Try it
Repeat the data verbatim, images excluded.

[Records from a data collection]
┌────────
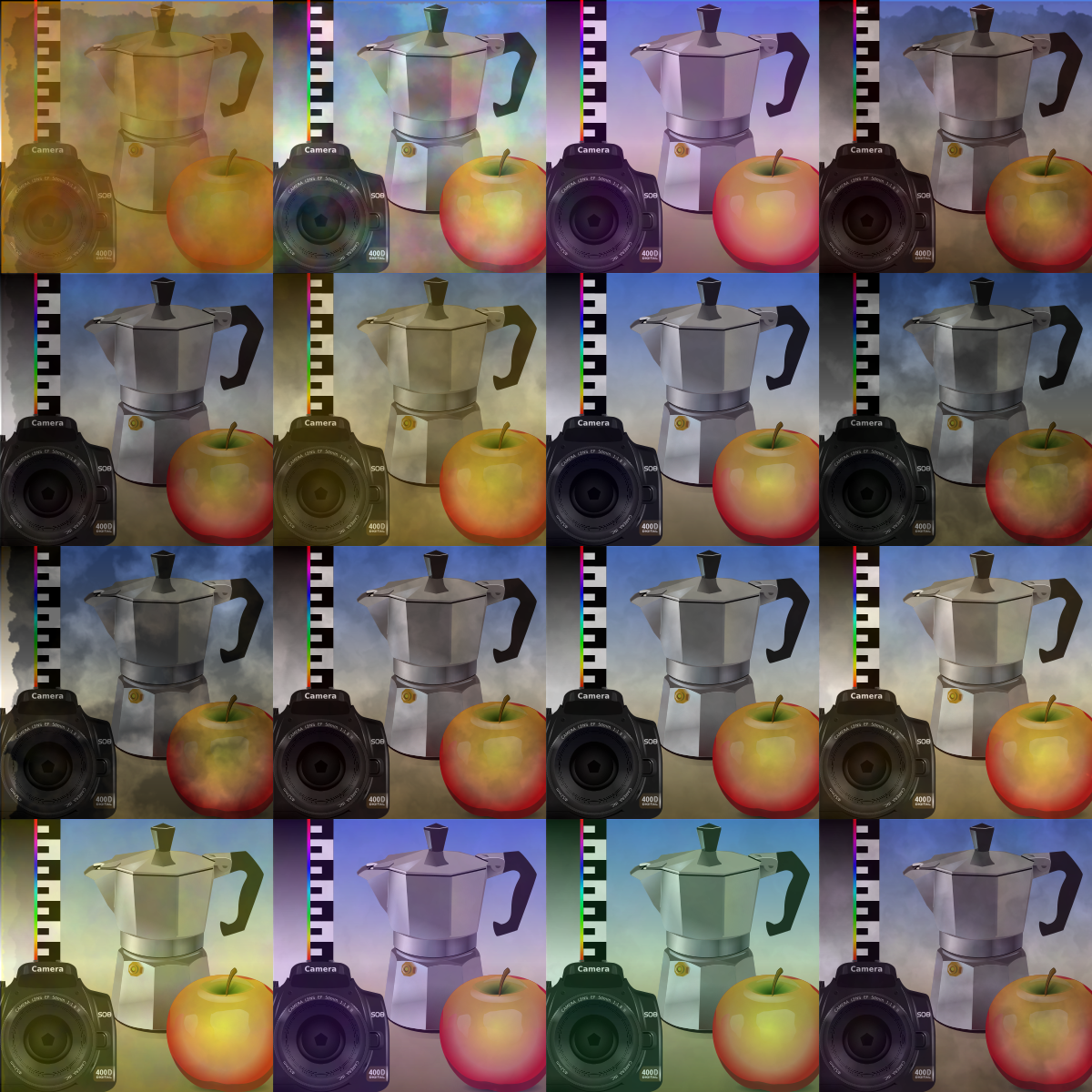 This features a collection of various apples and tea kettles. There are multiple shots of the same apple, each with different colors and lighting conditions. These apples are placed in front of the tea kettles, creating an interesting visual effect. In total, there are 13 distinct images of apples and 12 distinct images of tea kettles. The arrangement of these elements creates a unique and captivating composition that showcases both the apple and the tea kettle in different settings.
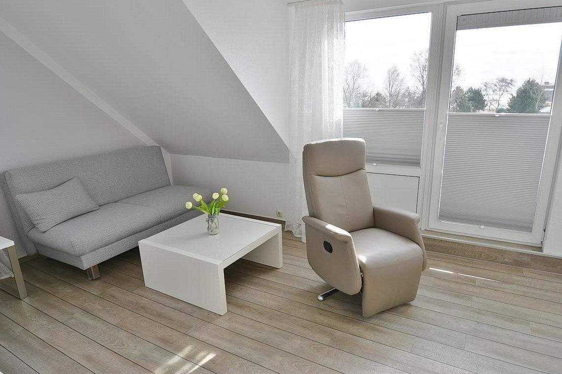 Modernes Maisonette-Apartment mit Meerblick und zwei Balkonen in Grömitz, ideal für entspannte Urlaubstage.
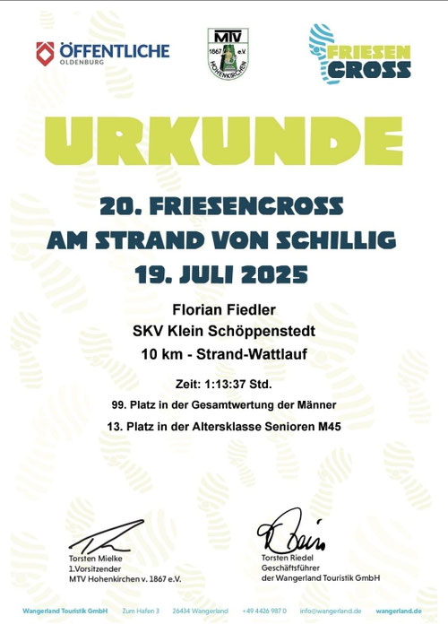 Florian Fiedler aus unserem Lauftreff hat am 19.Juli den 20. Friesencross 2025 in Schillig erfolgreich absolviert. Wir möchten Florian ganz herzlich zu dieser tollen Leistung gratulieren.
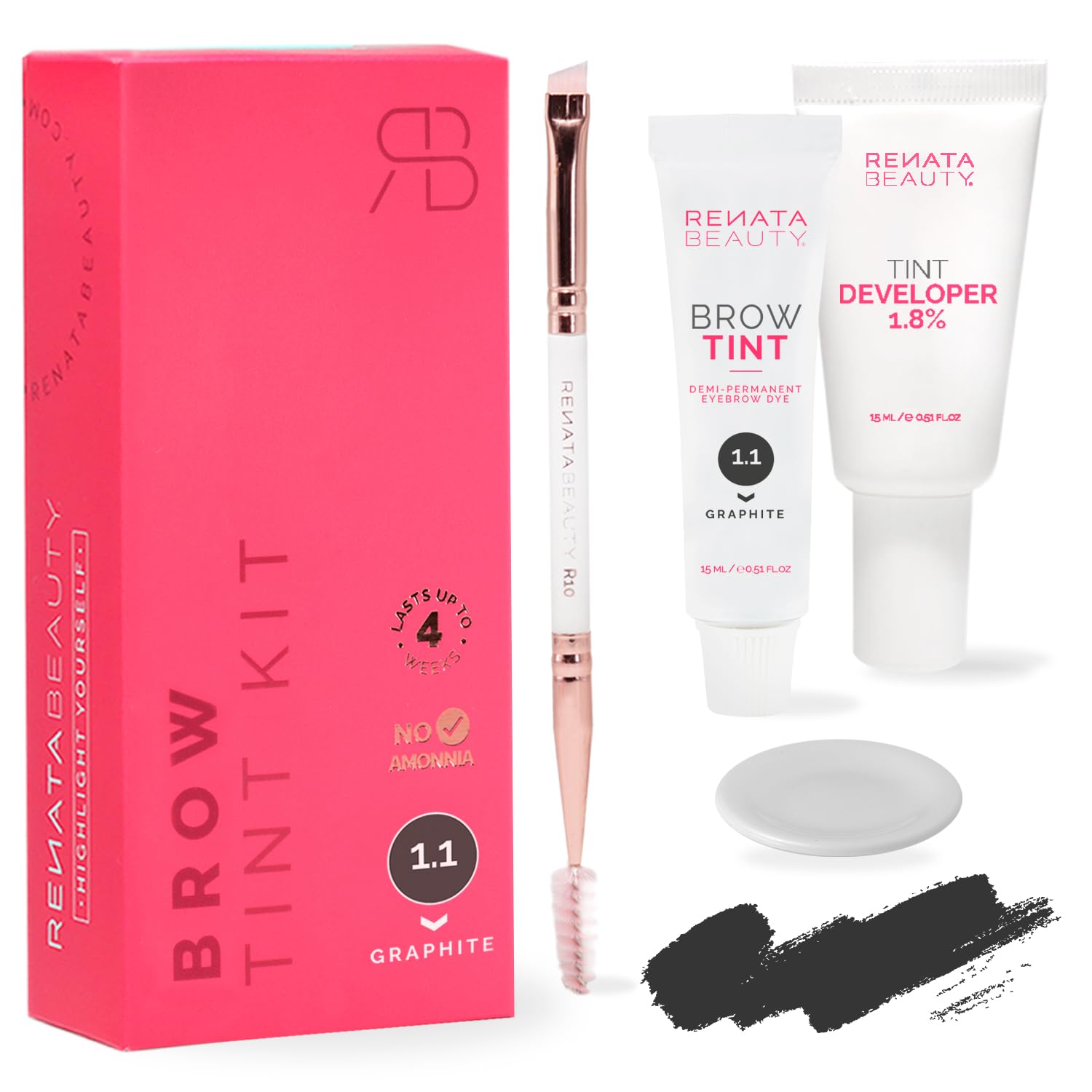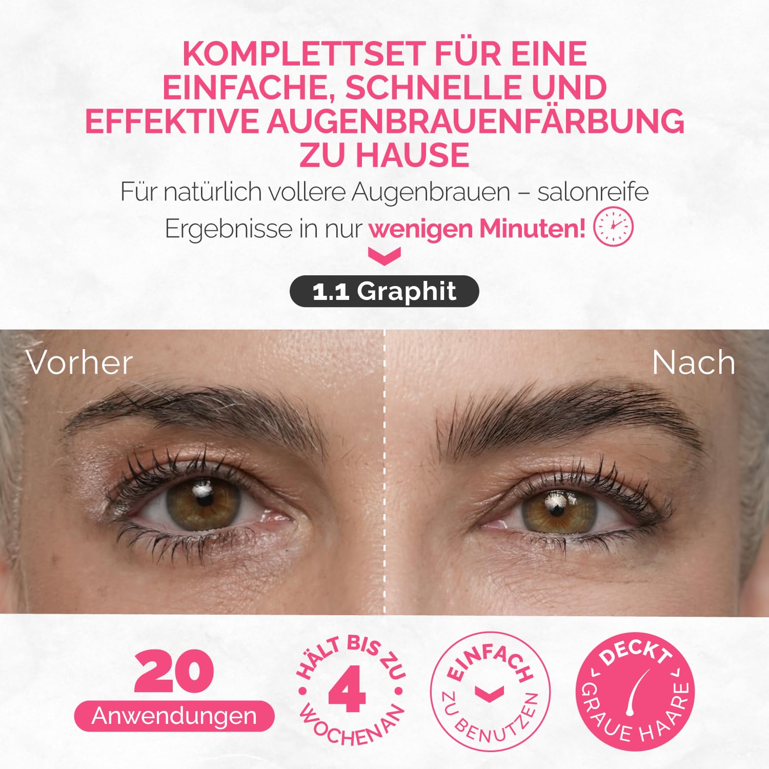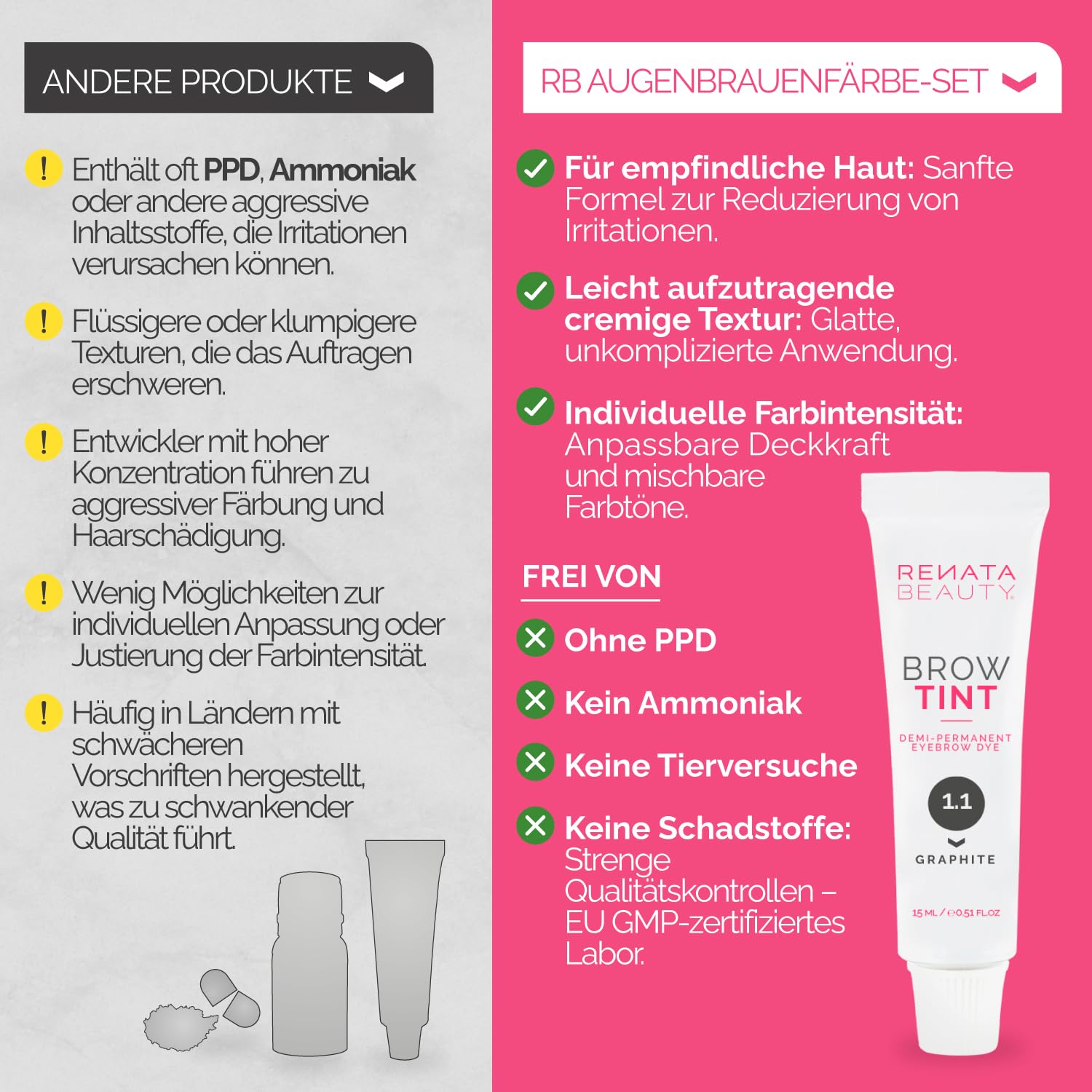 RB RENATA BEAUTY Augenbrauenfarbe Set – Brow Färbeset inkl. Entwickler & Stylingbürste – Augenbrauen Färbeset – Eyebrow Dye mit bis zu 4 Wochen Halt – Brow Tint für Natürlichen Look [Graphit-Grau]
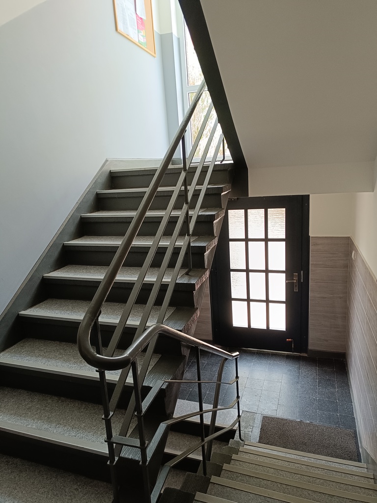 Klatka schodowa po remoncie, wymieniono piony wodno-kanalizacyjne.
└────────
Task solution
 This features a collection of various apples and tea kettles. There are multiple shots of the same apple, each with different colors and lighting conditions. These apples are placed in front of the tea kettles, creating an interesting visual effect. In total, there are 13 distinct images of apples and 12 distinct images of tea kettles. The arrangement of these elements creates a unique and captivating composition that showcases both the apple and the tea kettle in different settings.
 Modernes Maisonette-Apartment mit Meerblick und zwei Balkonen in Grömitz, ideal für entspannte Urlaubstage.
 Florian Fiedler aus unserem Lauftreff hat am 19.Juli den 20. Friesencross 2025 in Schillig erfolgreich absolviert. Wir möchten Florian ganz herzlich zu dieser tollen Leistung gratulieren.
 RB RENATA BEAUTY Augenbrauenfarbe Set – Brow Färbeset inkl. Entwickler & Stylingbürste – Augenbrauen Färbeset – Eyebrow Dye mit bis zu 4 Wochen Halt – Brow Tint für Natürlichen Look [Graphit-Grau]
 Klatka schodowa po remoncie, wymieniono piony wodno-kanalizacyjne.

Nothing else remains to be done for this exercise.